# Will you know if you hit something?



## H.awkeyeM.att

I get out of my car and I see two little dents and several scratches on the right side of my car, I don't think they were there before. My mind flashes back to pulling forward out of the school parking spot, I remember turning a *tad* early and I thought I was still able to clear everything. I did see some serious damage on the car next to me in the mirror but I figured it was from a previous accident. I would have felt or heard something if I actually hit the car, right?

I'm freaking out now. :afr Am I paranoid, or a potential hit-and-runner?


----------



## nubly

those darn parked cars always get in the way dont they?

when i was younger, i had one of those parked cars hit me


----------



## ericj

I've been hit in parking lots a number of times. You might've been a victim instead... This is why I now drive a very uncool car that I don't care about that much.

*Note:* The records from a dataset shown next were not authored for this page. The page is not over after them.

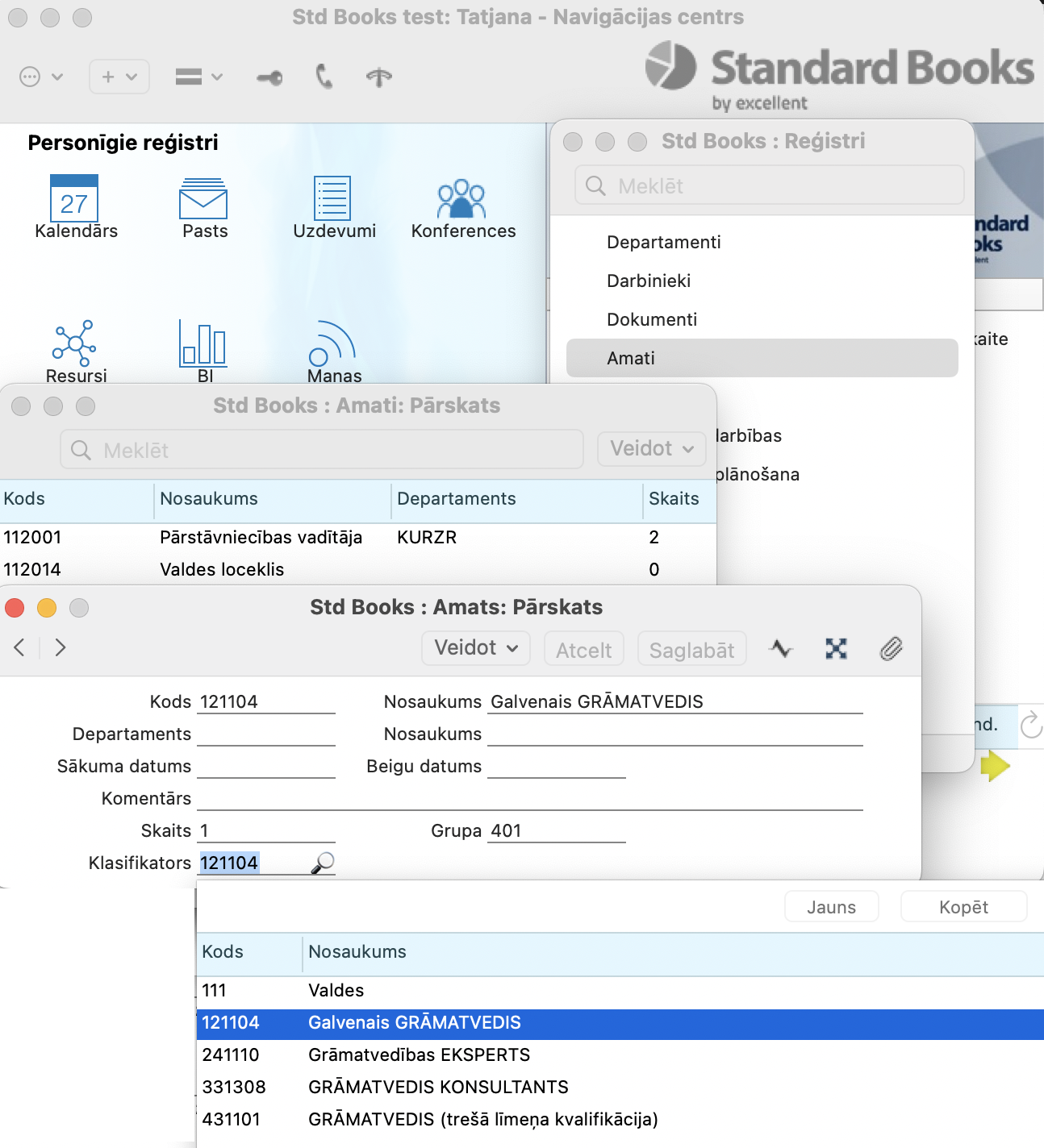 – Personāls > Reģistri > Amati – ierakstā arī jānorāda:
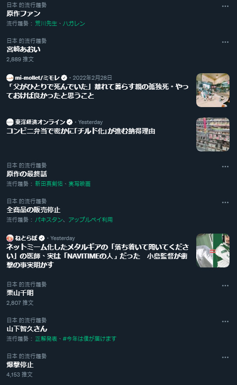 可以看到除了演員名字登上趨勢外,接著就是「原作粉」這個詞,相關聯的則是「荒川老師」、「鋼鍊」
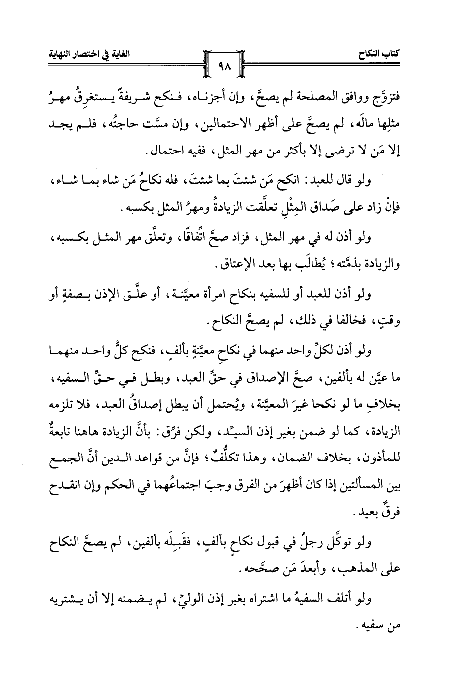 ولو أذن لكلِّ واحد منهما في نكاحِ معيَّنةٍ بألفٍ، فنكح كلُّ واحد منهما ما عيَّن له بألفين، صحَّ الإصداق في حقِّ العبد، وبطل في حقِّ السفيه، بخلافِ ما لو نكحا غيرَ المعيَّنة، ويُحتمل أن يبطل إصداقُ العبد، فلا تلزمه الزيادة، كما لو ضمن بغير إذن السيِّد، ولكن فرِّق: بأنَّ الزيادة ها هنا تابعةٌ للمأذون، بخلاف الضمان، وهذا تكلُّفٌ؛ فإنَّ من قواعد الدين أنَّ الجمع بين المسألتين إذا كان أظهرَ من الفرق وجبَ اجتماعُهما في الحكم وإن انقدح فرقٌ بعيد.
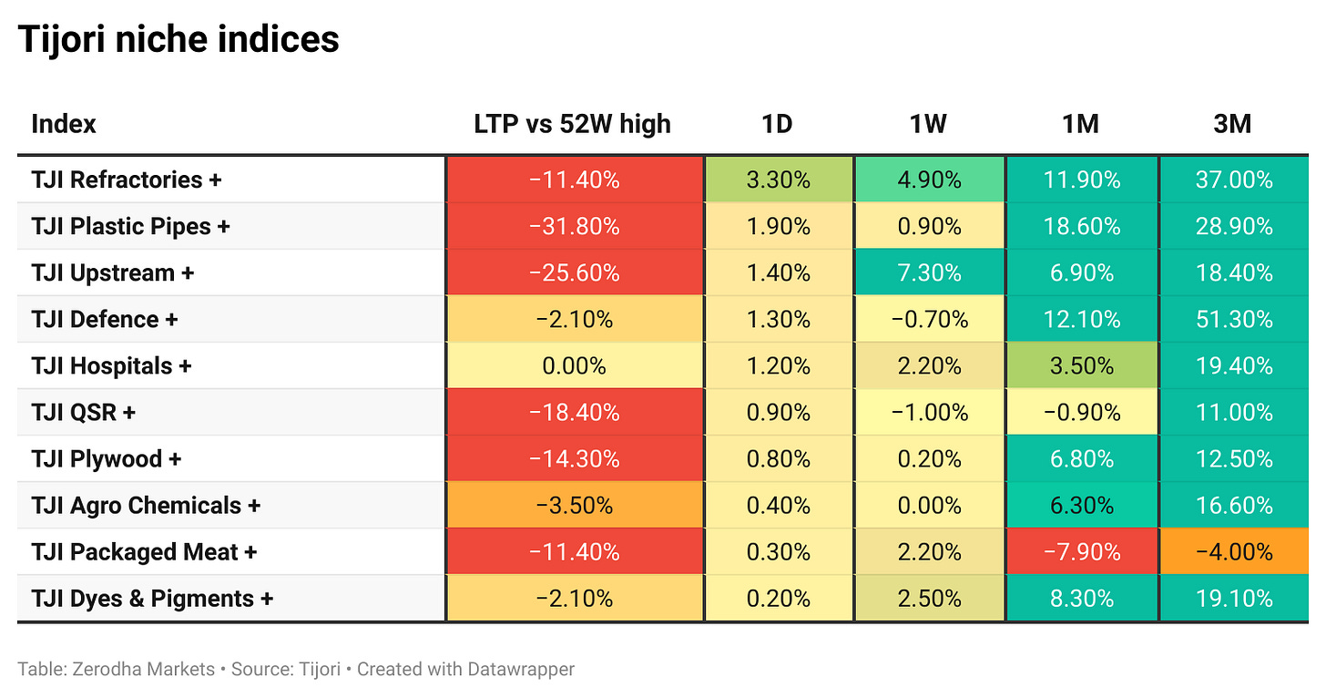 Tijori is an investment research platform, and they have constructed niche indices for various themes and sub-sectors. They help you understand the market performance of narrow slices of the market. You can also track the Promoter buying and other interesting stuff like Capex activity by the companies in the Tijori App’s idea dashboard

You would hear and feel it if you hit another car.


----------



## Lonelyguy

I've seen enough vehicles crunched in parking lots that whenever I drive one of my nicer vehicles I usually park far away from the entrance. I've actually witnessed it a few times, usually an elderly driver with a white knuckle grip on the steering wheel who's looking straight ahead while backing up. Even the screeching sound of sheet metal isnt enough to stop them, usually it takes someone yelling and waving their arms to get the driver's attention and by that time the damage has already been done. My parents have picked up some nasty door dings by careless drivers who park too close and fling their door open.


----------



## ericj

I have a great door story: Just after buying my first car (5 days), I went to the store with my mother. She waited in the car and while I was inside (minutes), someone drove up, slammed their door hard against my car (leaving a crease, pinning mom inside), then when they couldn't pull it hard enough to close it, they started their car again, then drove to get it loose, leaving another scrape. They didn't stop, just drove away, but mom got the license plate number and called the police. Not sure what happened next, because they confirmed there was white paint on her door and maroon paint on my car, but they wouldn't disclose who it was or provide any insurance information. The damage was nearly 2k to fix on my brand-new full coverage insurance (with my $500 deductible) that I just started (which was already freaky expensive because I was only 17)... That one isn't the greatest story, though - The best one was a snowy day when I parked my car in a few parking lots and someone left a huge dent in the rear-right quarter panel. I didn't even see it until I got home that night, so I couldn't even tell them where it happened. That one was a similar repair price...


----------



## FairleighCalm

^Jeez, people are just horrible sometimes.


----------



## WineKitty

If you hit a car, you definitely know it.


----------



## millenniumman75

You'd know it.

I drove a dark green Metro and somebody hit me with a tan car. There was a scrape involving tan paint on the bottom side of my door. I haven't parked in that area since! (close to three years now!)


----------



## copper

Lonelyguy said:


> I've seen enough vehicles crunched in parking lots that whenever I drive one of my nicer vehicles I usually park far away from the entrance.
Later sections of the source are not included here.